BOSTON – Janitors in the Boston area entered their third week of striking the office building cleaning contractors with continued picket lines, marches, demonstrations and acts of civil disobedience to call attention to their plight and some victories.

Declarations and actions supporting the janitors, members of Service Employees International Union Local 615/254, continue to grow as the union went out on strike after months of negotiations with the Maintenance Contractors of New England, an association of 30 cleaning companies.

The union says that janitors in Massachusetts and Rhode Island are behind what their counterparts get in wages and benefits in other major cities throughout the country.

The union is using a comment reported in the Boston Herald by the negotiator for the Maintenance Contractors of New England, James Canavan, that the janitors “seem to cling to the idea they want to see more full-time jobs with more people having health insurance,” as a way to show the thinking of the cleaning companies. Canavan is a vice-president of Unicco Service Company, the largest cleaning company in the area.

Fourteen supporters of the janitors were arrested Oct. 10 in downtown Boston. Among those arrested were State Rep. Jarrett Barrios, who is running for the State Senate, and Gary Dotterman, candidate for the Boston City Council from the Allston-Brighton area. Dotterman echoed Barrios’ statement that public officials must support workers’ rights.

In a major symbolic victory, Acting Governor Jane Swift announced on Oct. 9 that the Commonwealth of Massachusetts would cancel its cleaning contract with Unicco because of its refusal to extend health benefits to more workers and failure to provide more opportunities to move into full-time positions. Swift said that the cleaning contract would be put out to bid and that preference would be given to companies that provide more health insurance and full-time work. Swift urged other building owners to take action, saying that those “who contract with the cleaning companies … be very clear about what our expectations are.”

The union janitors cancelled their plans to strike and picket the four state buildings cleaned by Unicco janitors. Many feared that state workers, who are represented by various unions, including SEIU, would refuse to cross the picket lines.

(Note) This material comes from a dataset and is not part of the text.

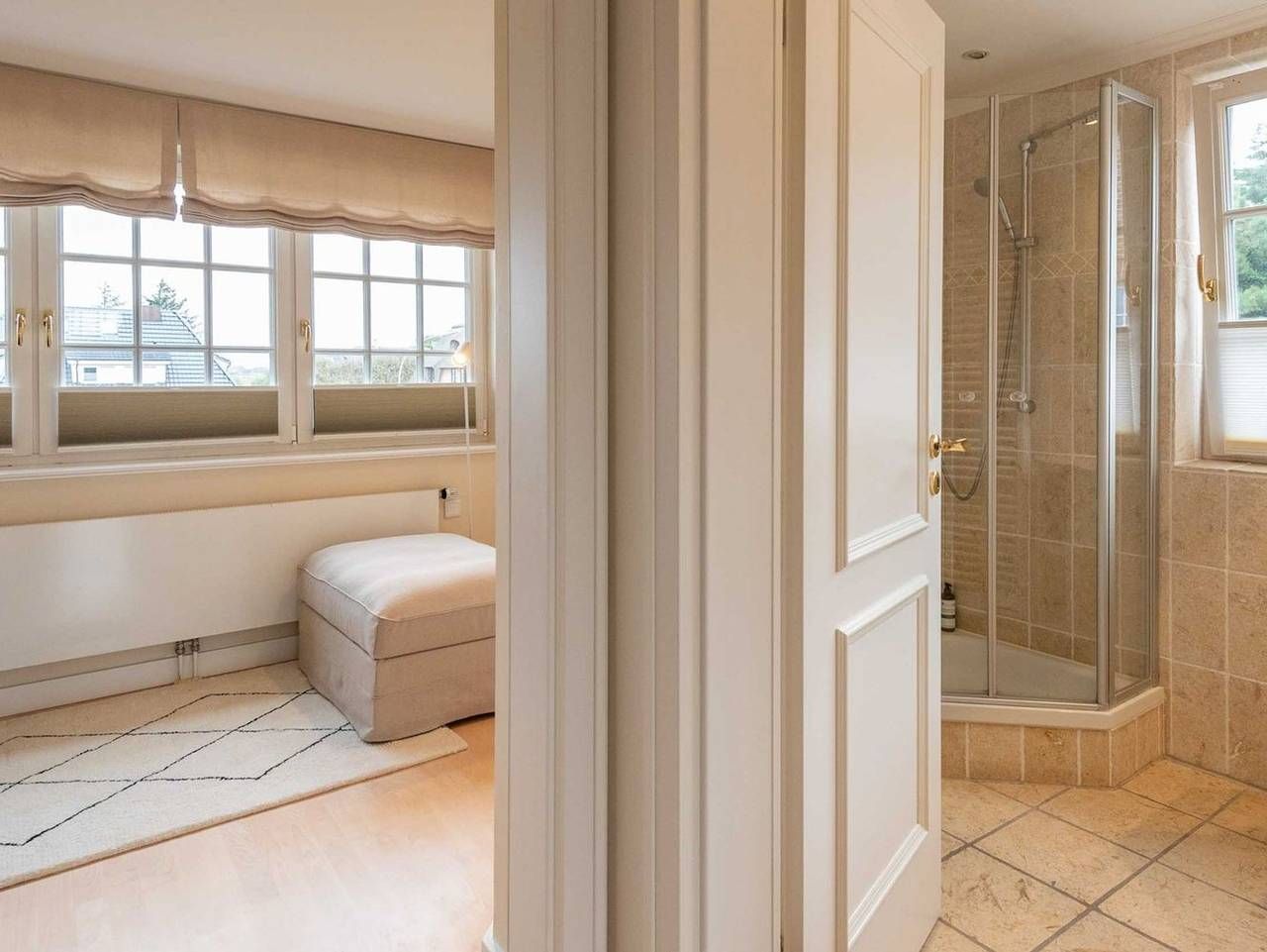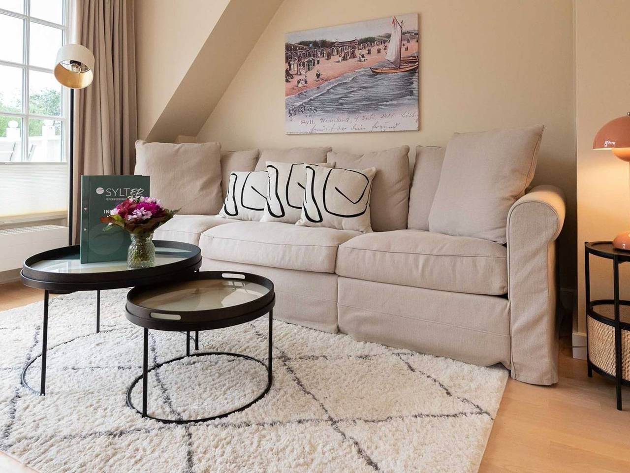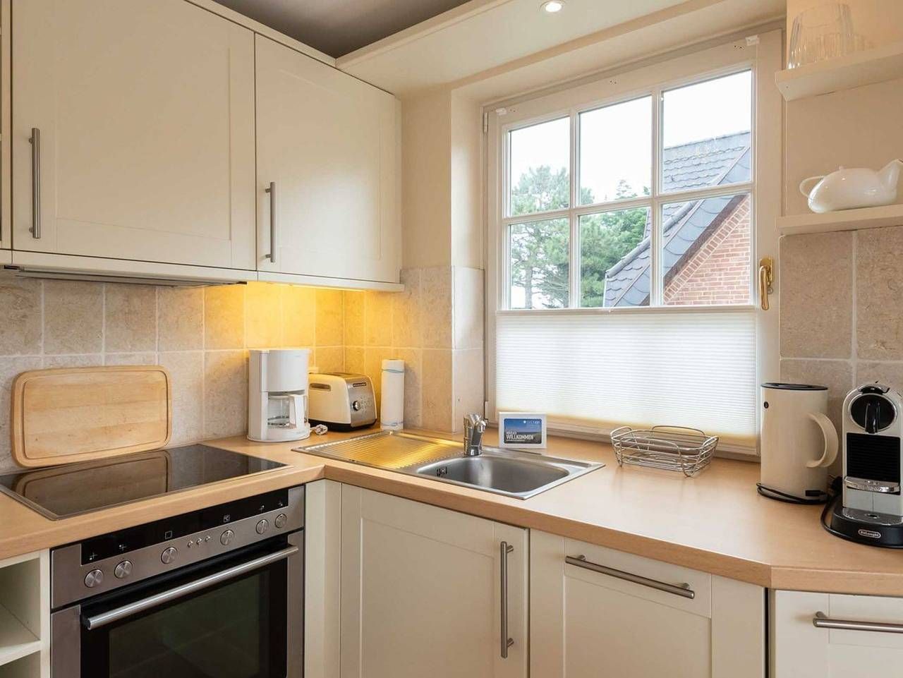 Lichtdurchflutete 3-Zimmer Ferienwohnung in ruhiger Lage am Dorfteich mit ca. 54 m² Wohnfläche, für bis zu 3 Personen. Dieses helle und gemütliche Feriendomizil im Landhausstil erstreckt sich über drei Etagen und eignet sich hervorragend für zwei Erwachsene und ein Kind. Im Erdgeschoss gelangen Sie durch die Haus- und Wohnungstür in einen kleinen Flur mit Schuhschrank und Garderobe. Über eine gut begehbare Treppe mit Treppengeländer gelangen Sie in das erste Obergeschoss. Im lichtdurchfluteten Obergeschoss befindet sich eine offene und gut ausgestattete Küche, die direkt an einen komfortablen Wohn- und Essbereich angrenzt: Gemütliches Sofa mit Sessel, TV und fließendem Übergang zum einladenden Essbereich vor bodentiefen Fenstern. Über eine Balkontür gelangen Sie vom Wohnzimmer aus auf den möblierten und großzügigen Süd-Balkon, der Platz für vier Personen bietet. Schlafzimmer 1: Einzelbett, Einbauschrank und Fenster. Bei diesem Bett handelt es sich um ein Ausziehbett. Auf Anfrage kann hier eine vierte Person, idealerweise ein Kind, auf einer zweiten Ebene vor dem Bett schlafen. Badezimmer: Helles Bad mit Fußbodenheizung, Dusche, Handtuchtrockner und Fenster. Eine weitere gut begehbare mit Treppengeländer führt in das offene Dachgeschoss mit großem Giebel- und Dachfenster: Schlafzimmer 2: Doppelbett, Einbauschränke und TV. Abstellkammer mit Waschmaschine und Raum für Gepäckstücke. Besonderheit: Es steht Ihnen eine E-Ladestation für Ihr Elektroauto an der Ferienwohnung zur Verfügung. Vor dem Haus befinden sich auf dem Grundstück und in den Boden einbetonierte Fahrradbügel, die ein Abstellen von Fahrrädern ermöglichen. Lage: Die Wohnung liegt in ruhiger Lage, in unmittelbarer Nähe des Wenningstedter Dorfteiches. Diverse Restaurants und Einkaufsmöglichkeiten befinden sich in naher Umgebung und sind zu Fuß oder mit dem Fahrrad gut erreichbar. Haustiere: max. 1 kleiner Hund bis 35 cm Rückenhöhe erlaubt (kostenpflichtig) Nichtraucherwohnung Parkplatz: Ja

Previously, six cleaning companies broke ranks with the Maintenance Contractors of New England and agreed to lower the number of hours worked that would trigger health insurance coverage for their employees. These companies employ about one-fifth of the janitors represented by Local 615/254.

A number of building owners have publicly stated that they are willing to pay more for cleaning services so that the janitors would get their demands.

On Oct. 19, Massachusetts Jobs with Justice and SEIU are sponsoring a mass demonstration and march in support of the striking janitors, who are mostly women and immigrants. Other support demonstrations have taken place in a number of cities throughout the United States.